Casi en todos los países de Occidente parece que funciona satisfactoriamente esa fórmula. En España todavía no hemos alcanzado la madurez necesaria. Nos viene de siglos confundir el orden político con el religioso. Pero en los  25 ó 30 últimos años, nuestra sociedad se ha visto sometida a una transformación desbordante. Entre el Concilio Vaticano II y la llegada de la democracia no ha quedado títere con cabeza (o mejor, cabeza con títere). Pero, eso sí, entre los católicos el desbordamiento ha sido mayor que entre los que no lo son. El nuevo papel atribuido a la Teología, la corresponsabilidad del laicado, los problemas del control de natalidad, la nueva consideración de la sexualidad, incluso las transformaciones litúrgicas, han originado polémicas que conmueven el sólido edificio de las convicciones ancestrales, todo lo cual ha sustituido la “fe del carbonero” por la actitud crítica, conforme a la fórmula del cardenal Newman: “Creer es ser capaz de soportar la duda”.
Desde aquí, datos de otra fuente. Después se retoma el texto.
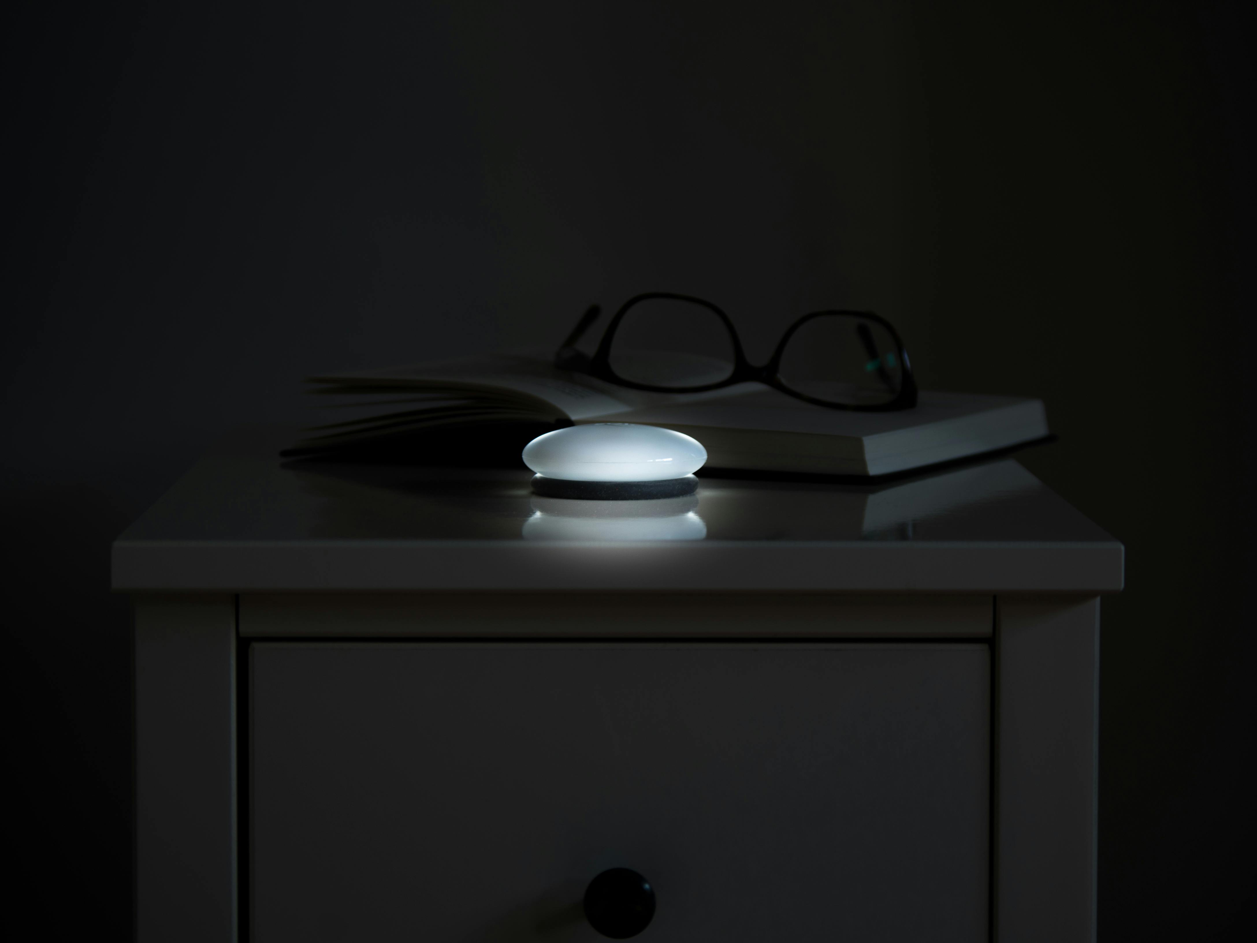 例えば、『SOI.』を枕元やベッドサイドに置いてみてください。手が触れるだけで点灯する簡易照明になります。夜中にトイレへ起きたときには『SOI.』が優しく寝室を照らします。

Pues bien, esas dudas, en lo que a la vida política se refiere, se están planteando ahora como nunca en nuestra historia. ¿Seremos capaces de soportarlas? Me estoy refiriendo a esa especie de analogía que, según opinión generalizada, se da entre una concepción cristiana del orden social y el ideario político del Partido Popular. Se da o se daba. Lo digo porque últimamente el Partido Popular anda muy tibio en lo que se refiere a la defensa de la vida. Muchos temen que el PP haya abandonado el humanismo cristiano como inspiración básica de sus principios. Y, por tanto, podría llegar a acuerdos con la izquierda sobre el aborto y la eutanasia. Lo mismo cabría decir de la asignatura de Educación para la Ciudadanía, en la que el PSOE tiene puestas todas sus complacencias. Según las noticias más recientes, el PP estaría dispuesto a proponer un pacto a los socialistas para mantener la asignatura, practicando una revisión consensuada de sus contenidos, cosa más que improbable que acepte el PSOE.

Y es que muchos creen que el Partido Popular es una especie de democracia cristina. Y no lo es ni puede serlo; el Concilio Vaticano II liquidó toda idea de que la Iglesia siguiera tomando parte en la gobernabilidad de los pueblos. Para evitar confusiones, ni la Iglesia ni los cristianos como tales pueden ya organizar partidos confesionales. Eso no quiere decir que los cristianos no puedan tomar parte activa en la vida pública. No sólo pueden, sino que deben. El Concilio recuerda que el Evangelio, lejos de apartar a los cristianos de la edificación del mundo, les impone el deber de hacerlo (GS 34, 3). Es decir que, consecuentemente con su fe, el cristiano debe cooperar al bien del país y a que las instituciones funcionen como deben funcionar según sus convicciones. Por tanto, los creyentes y sus líderes, los obispos, deben ser muy críticos con los partidos políticos que no gestionen honradamente el bien común. Sin distinciones, sean del partido que sean.

Así, pues, hará muy bien el Partido Popular de no cobijarse bajo la sombra de los obispos para crecer. La experiencia tiene demostrado que la identificación de los partidos con la Iglesia no sólo debilitó a la Iglesia, sino que desprestigió a los partidos. Pero tampoco los obispos, o algunos obispos, deben tratar de que el PP les proporcione ningún trato de favor para la obtención de influencias. Como dicen en La Mancha, “amigos, pero el borrico a la linde”.